Requirement >>
The reply should hold only the lines below beginning at the one with "佘诗曼晒与孙燕姿合照佘诗曼孙" and ending at the one with "Medan det undre", copied exactly, with every picture left out.
====== Excerpted records
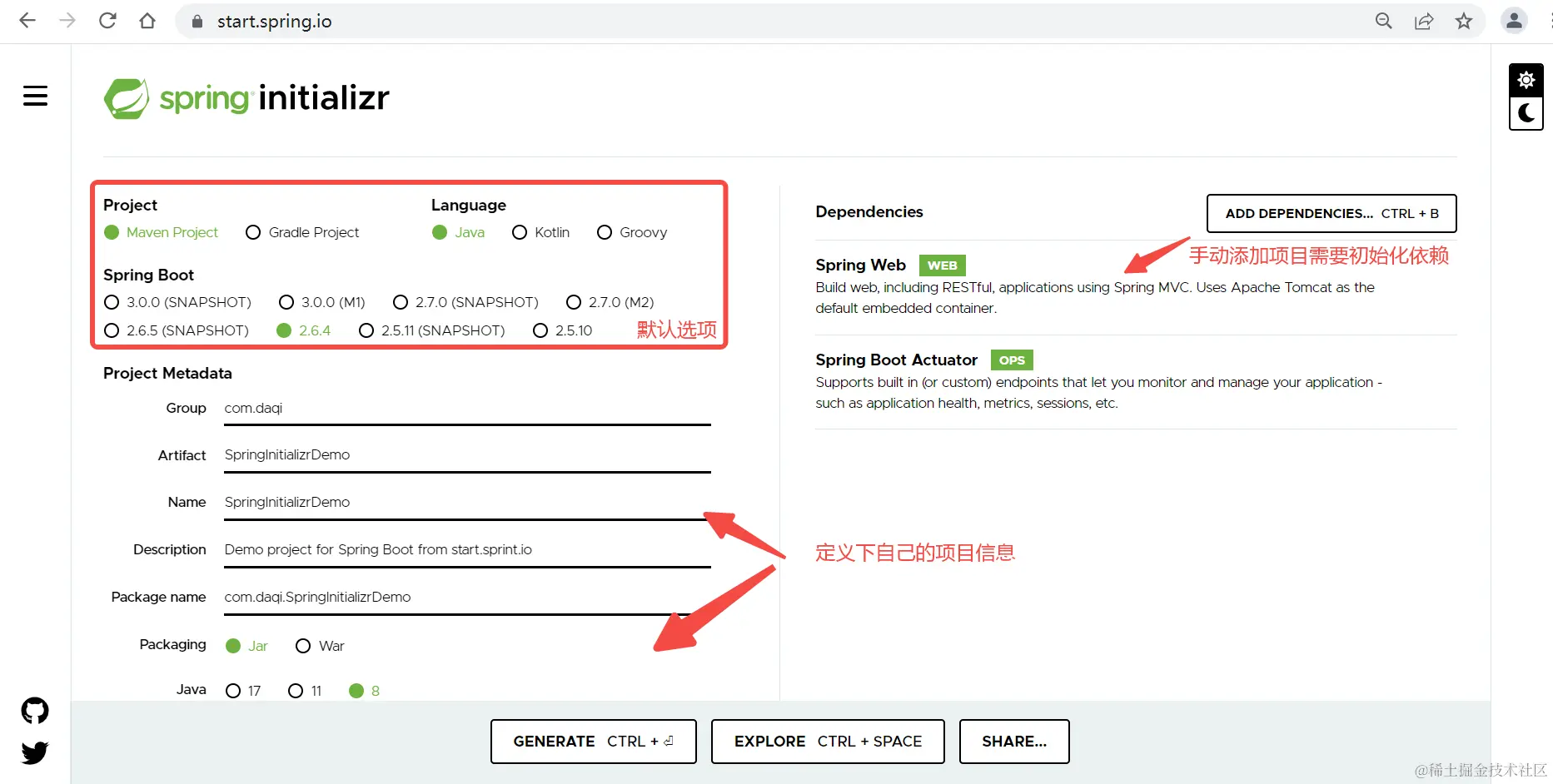 Step1. 通过访问 start.spring.io/ 选择开发选项和添加依赖包一键生成应用包。
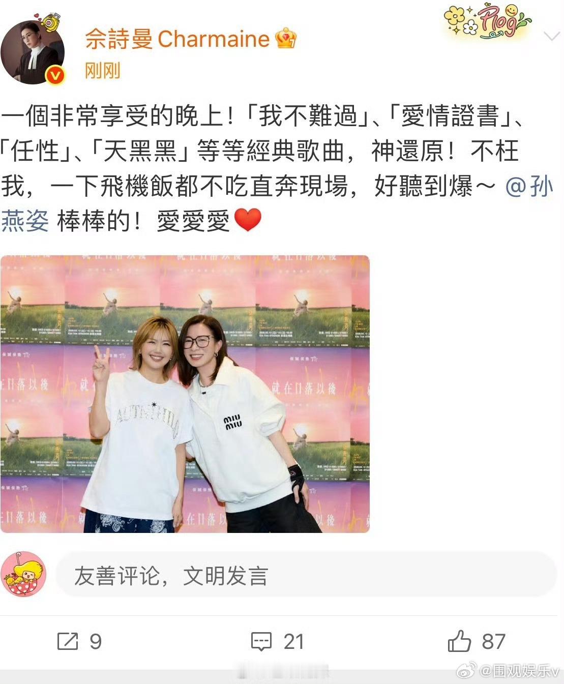 佘诗曼晒与孙燕姿合照佘诗曼孙燕姿后台合照佘诗曼现身孙燕姿就在日落以后演唱会香港站
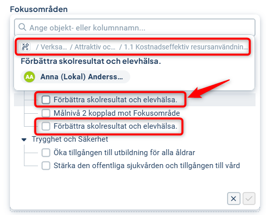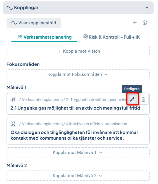 Medan det undre objektet är kopplat till samma fokusområde, men istället via ett mål som heter "Öka dialogen och tillgängligheten...".
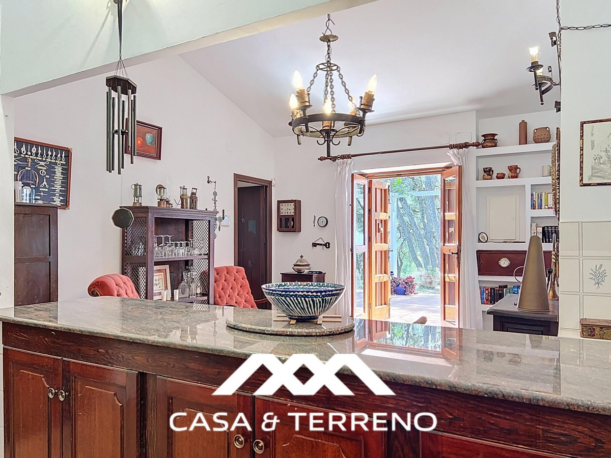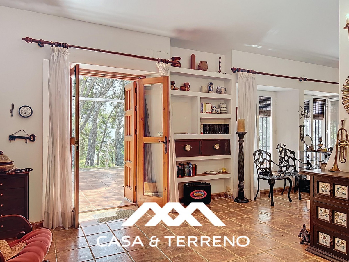 Located between Frigiliana and Nerja, this charming Andalusian-style property combines a comfortable main house with extraordinary exteriors, set on a spectacular plot of over 6,000 m2. Surrounded by mature pine trees and with complete privacy, this finca conveys the feeling of having your own private forest: quiet, green and full of character. The main house, distributed over one floor, offers three spacious bedrooms and three well-equipped bathrooms. The master bedroom is especially generous, providing a perfect space to relax. Terracotta floors and built-in shelving bring warmth and authenticity throughout the home. The living-dining room is bright and open, with high ceilings, large windows and a cosy fireplace, which connects seamlessly with the kitchen, equipped with rustic wooden cupboards, modern appliances, a pantry and charming details such as a row of copper pans. A covered terrace extends the life to the outside, perfect for dining in the shade or lounging all year round. There is also an integrated barbecue area and a separate building next to the main house, currently used as a storage room. But what really makes this property special is its impressive plot. Pine trees provide natural shade and a relaxing atmosphere, while small stone steps lead through the terraced grounds, generating the feeling of a retreat in the middle of nature. In addition, it has a full-size tennis court, a garage and a beautiful pool area with sea views among the trees. Next to the pool, the guest house offers an open-plan living space and bedroom, with a small kitchen and bathroom. Located just below the main house, it guarantees complete privacy and is ideal for visits or even for renting. A unique property for those who value space, tranquillity and nature, without giving up the proximity of the beaches of Nerja and the charm of the white village of Frigiliana. An uncommon combination of interior comfort and outdoor magic in one of the most desirable areas of the Axarquía. We are delighted to be able to present this property to you soon, either personally or via virtual viewing. Because this world is unique - like our Axarquía. In Andalusia. On the Costa del Sol. Here, on the sunny side of life...
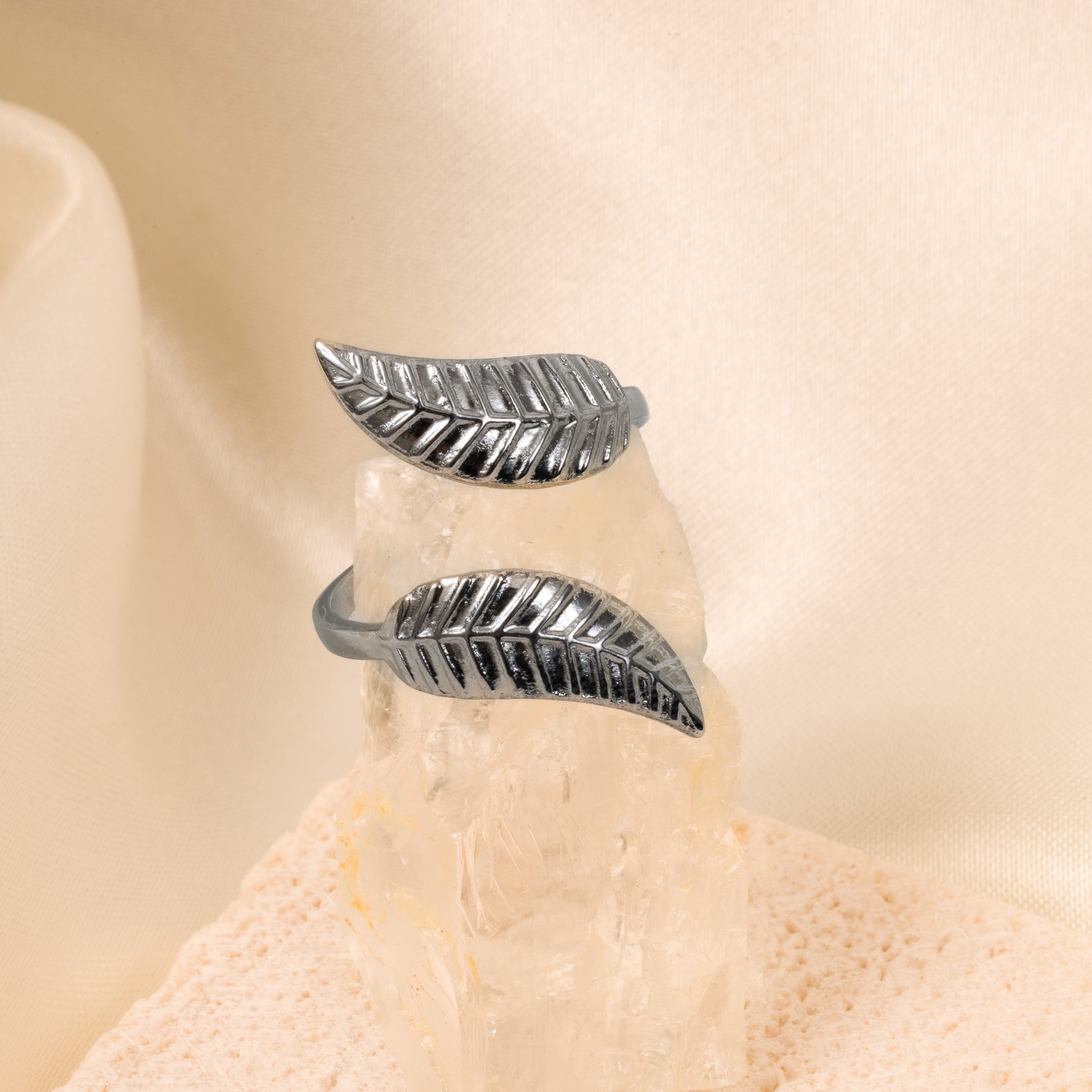 Voel je verbonden met de natuur met deze verfijnde ring, die zich sierlijk om je vinger wikkelt met twee gedetailleerde bladeren. Het elegante ontwerp laat de bladeren subtiel naar elkaar toe buigen, alsof ze je vinger omarmen, en creëert zo een zachte, natuurlijke uitstraling. Deze ring vangt de essentie van de natuur en straalt zowel kracht als verfijning uit.
============
Answer space >>
 佘诗曼晒与孙燕姿合照佘诗曼孙燕姿后台合照佘诗曼现身孙燕姿就在日落以后演唱会香港站
 Medan det undre objektet är kopplat till samma fokusområde, men istället via ett mål som heter "Öka dialogen och tillgängligheten...".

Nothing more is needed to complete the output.